3-Grams-of-Fat Blue Cheese Dressing
Believe it or not, it wasn’t so long ago that most people thought blue cheese was a bit exotic—a stinky, strange cheese with (heaven forbid!) mold in its veins. But blue has gained traction because its rich, creamy texture and tangy taste are fabulous—whether eaten out of hand, crumbled over a salad, or stirred into a dressing. But this is no lean cheese, my friends. Thankfully, a little goes a long way, and there are great-tasting low-fat blue cheeses available in most major supermarkets today.
German Sweet Potato Salad
There are two basic types of potato salad: mayonnaise-based and sugar-and-vinegar-based. I have always preferred the latter because of the sweet-and-sour element—plus it has bacon in it. This alluring sweet-and-sour salad replaces not-so-nice white potatoes with sweet potatoes (much nicer for you), and the texture of the salad has been bulked up with cauliflower.
Simple Macaroni Salad
A deli side-dish favorite, macaroni salad is a gimme on every table in America come summertime.
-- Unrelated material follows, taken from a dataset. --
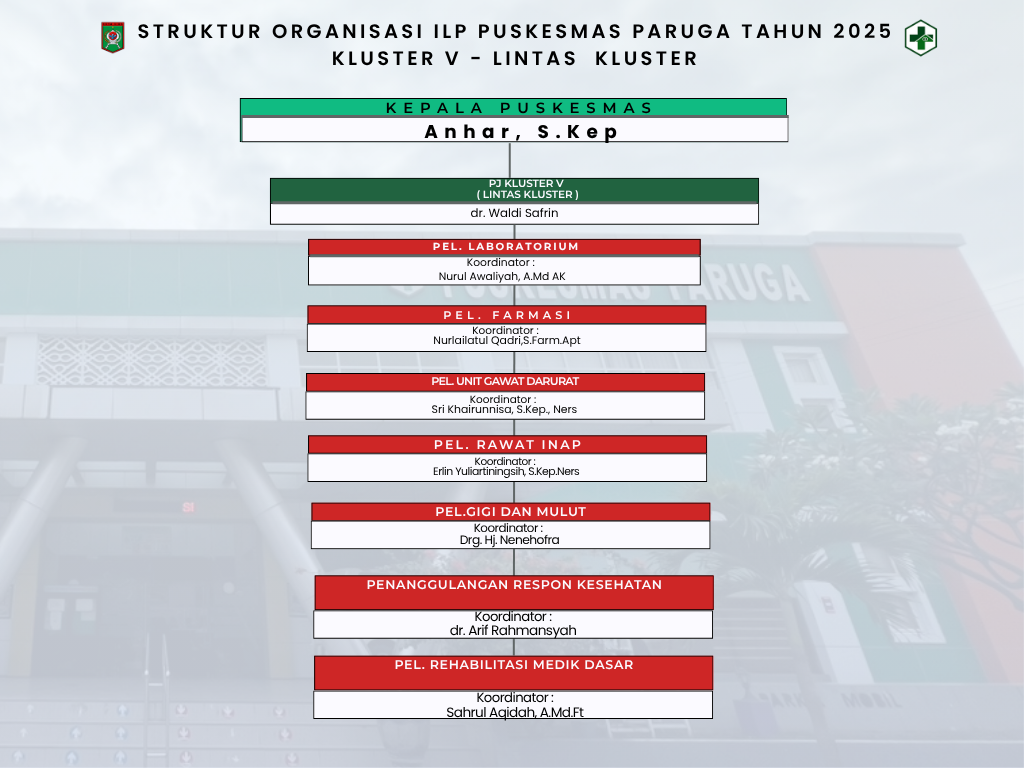Kluster V Puskesmas Paruga dikenal sebagai Lintas Kluster karena fungsinya adalah menyediakan pelayanan penunjang dan pelayanan kuratif (pengobatan) spesialis yang mendukung seluruh kluster pelayanan kesehatan lainnya (Ibu dan Anak, Dewasa dan Lansia, Penyakit Menular, dll.). Kluster ini memastikan ketersediaan sumber daya esensial dan kesiapan darurat.

Everyone has a favorite recipe—some contain ham, some peppers, some bacon, and some peas. But all contain high-fat mayonnaise and white pasta, a fundamentally bad combo. White pasta is replaced here with whole-wheat shells, and the high-fat mayo with low-fat mayo. I added a few bits and pieces, like smoked paprika, to give it some personality.
Red Apple Coleslaw
Coleslaw goes with so many things. You’ll rarely see a cookout without it. The crunchy shredded raw cabbage and the sweet-and-sour flavor make it a wonderfully piquant counterpoint to the grilled meats and BBQ sauce-slathered main dishes that make up America’s favorite backyard menus.
Skinny Chef’s Salad
Never trust a skinny chef—or one who serves you an 800- to 1,400-calorie chef’s salad! If you think you’re being good when you order this dish, think again. Given the exceedingly large quantity of deli meats, the Russian dressing, and the boiled eggs, you might as well eat a Big Mac. This version, however, really is a skinny salad. It calls for egg whites only, reduced-fat cheddar, and a reduced-fat full-flavor Russian dressing of my own creation.